Frequently asked questions

How do I extract JSON-LD structured data from a website URL?

Paste a live HTTPS URL and run Extract JSON-LD. The tool fetches the page HTML, finds every application/ld+json block, formats valid JSON, and lists discovered @type values so you can review or copy markup quickly.

What is the difference between an extractor, Schema Markup Validator, and Rich Results Test?

An extractor shows the markup currently published on a URL. Schema Markup Validator checks schema.org compliance across types. Rich Results Test focuses on Google feature eligibility. In practice, inspect markup here first, then validate in those official tools.

Can I paste raw JSON-LD or HTML instead of a URL?

No. This page extracts structured data by fetching a public HTTPS URL. If you need direct code validation before deployment, use a validator that accepts pasted markup.
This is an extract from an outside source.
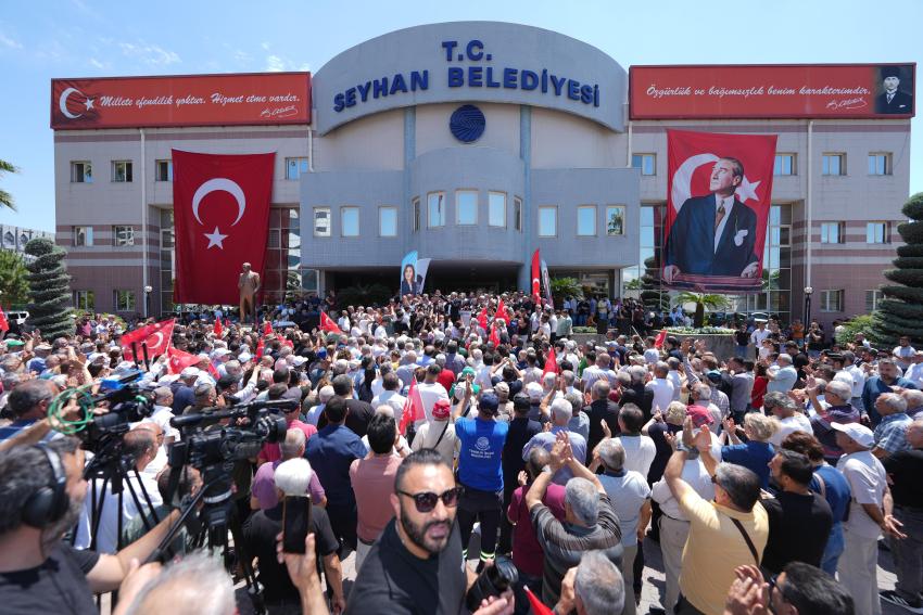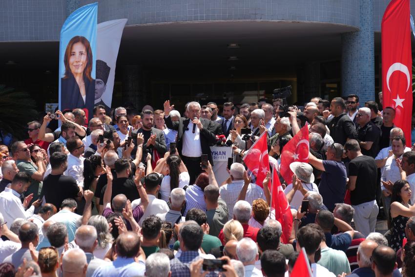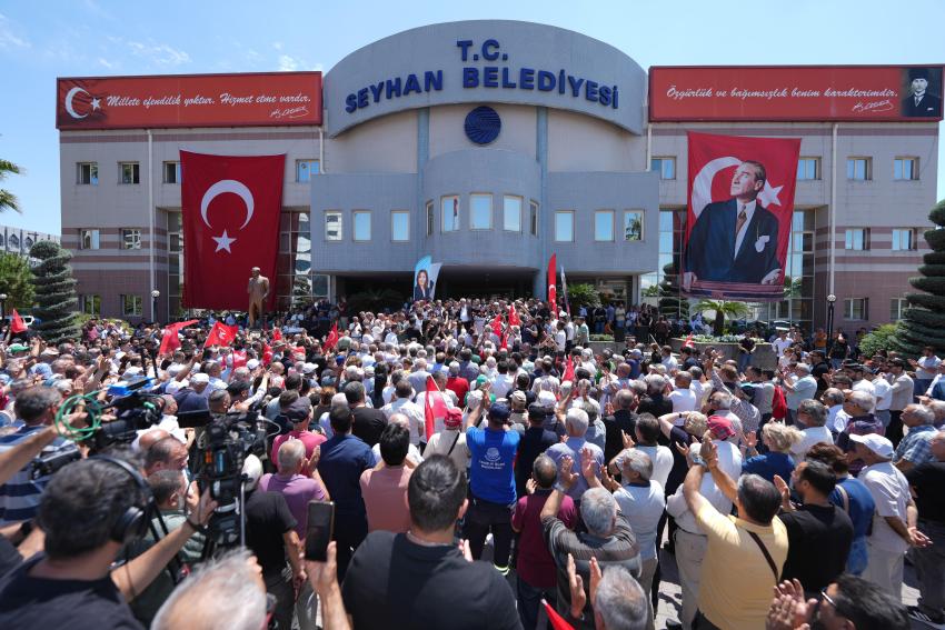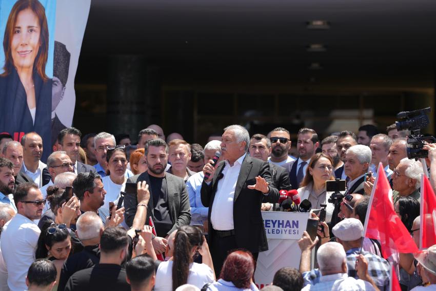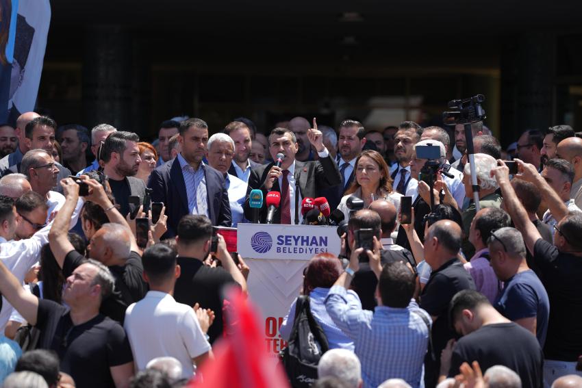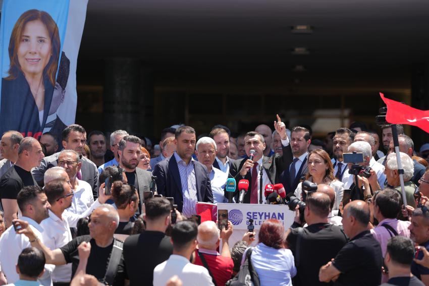 Seyhan Belediyesi önünde düzenlenen basın açıklamasına Türkiye Belediyeler Birliği (TBB) Başkan Vekili ve Adana Büyükşehir Belediye Başkanı Zeydan Karalar, CHP Adana Milletvekilleri Bilal Bilici, Müzeyyen Şevkin ve Orhan Sümer, CHP’nin Mersin, Hatay ve Osmaniye il başkanları, Yüreğir Belediye Başkanı Ali Demirçalı, Çukurova Belediye Başkanı Emrah Kozay, Yumurtalık Belediye Başkanı Erdinç Altıok, Karataş Belediye Başkanı Ali Bedrettin Karataş, CHP’nin eski milletvekilleri, CHP il yönetimi, merkez ilçe başkanları, kadın ve gençlik kollarının yanı sıra binlerce vatandaş katıldı. Basın açıklaması mitinge dönüştü.
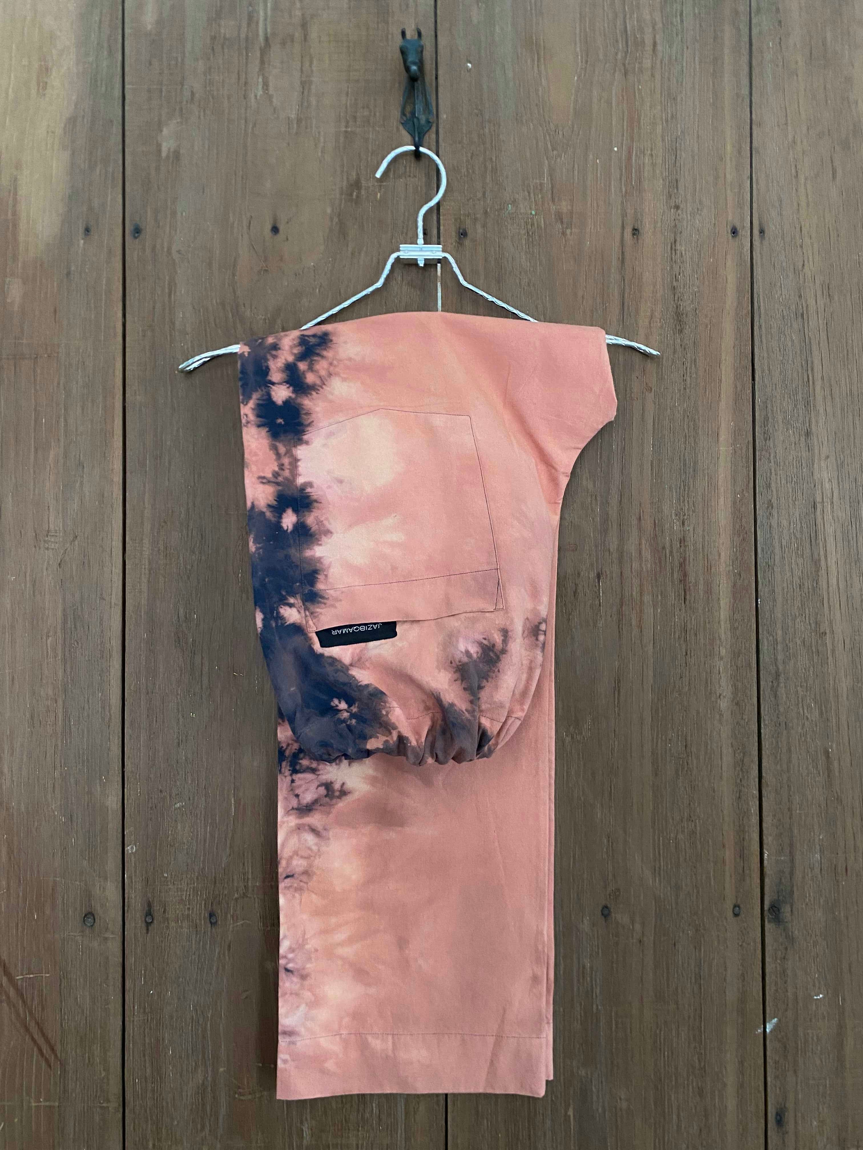 Hand-dyed splash trousers with a relaxed, universal fit. Features an adjustable drawstring waist and five functional pockets for style and comfort.

Why did the extractor find no JSON-LD on my page?

Common causes are no application/ld+json scripts, microdata-only markup, non-HTML responses, redirect loops, blocked fetches, or scripts located after the 512 KB response limit. Confirm page source contains ld+json before retrying.

Why do I see JSON-LD in DevTools but not in extractor results?

Many sites inject schema client-side after hydration. This extractor reads fetched HTML from the URL response, so late-injected scripts may not be present. Move critical JSON-LD server-side when possible for more reliable crawling and testing.

Can one page contain multiple JSON-LD blocks or @graph entities?

Yes. Sites often publish a mix of global and page-specific entities across multiple scripts or inside @graph arrays. The extractor summarizes types across parsed blocks and reports invalid JSON per block without discarding valid ones.

Can JSON-LD be valid JSON but still fail rich-result requirements?

Yes. A block can parse correctly but still miss required or recommended properties for a specific Google rich result. Use this extractor to confirm what is published, then run Google's Rich Results Test to check eligibility requirements.

Which schema types should I check first for common pages?

For editorial pages, check Article or BlogPosting. For ecommerce pages, check Product and Offer. For site-level markup, check Organization, WebSite, and BreadcrumbList. For FAQ layouts, check FAQPage. After extraction, confirm eligibility requirements in Google's current documentation.

What is the difference between JSON-LD and microdata or RDFa?

All three formats can express schema.org data. JSON-LD is script-based and usually easier to template and maintain. Microdata and RDFa embed attributes directly in visible HTML. This tool extracts JSON-LD script blocks only.

Is it safe to run this on staging or internal URLs?

Use only public HTTPS URLs you are comfortable sharing with a fetch service. Private hosts and localhost-style targets are blocked, and extracted output is not persisted after the response. Avoid confidential staging pages that are not already public.

How can I audit JSON-LD across many pages on a site?

Start by collecting URLs from sitemap.xml, then run important templates through this extractor to spot missing or inconsistent @type output. On this site, the Sitemap URL extractor helps build that URL list before schema checks.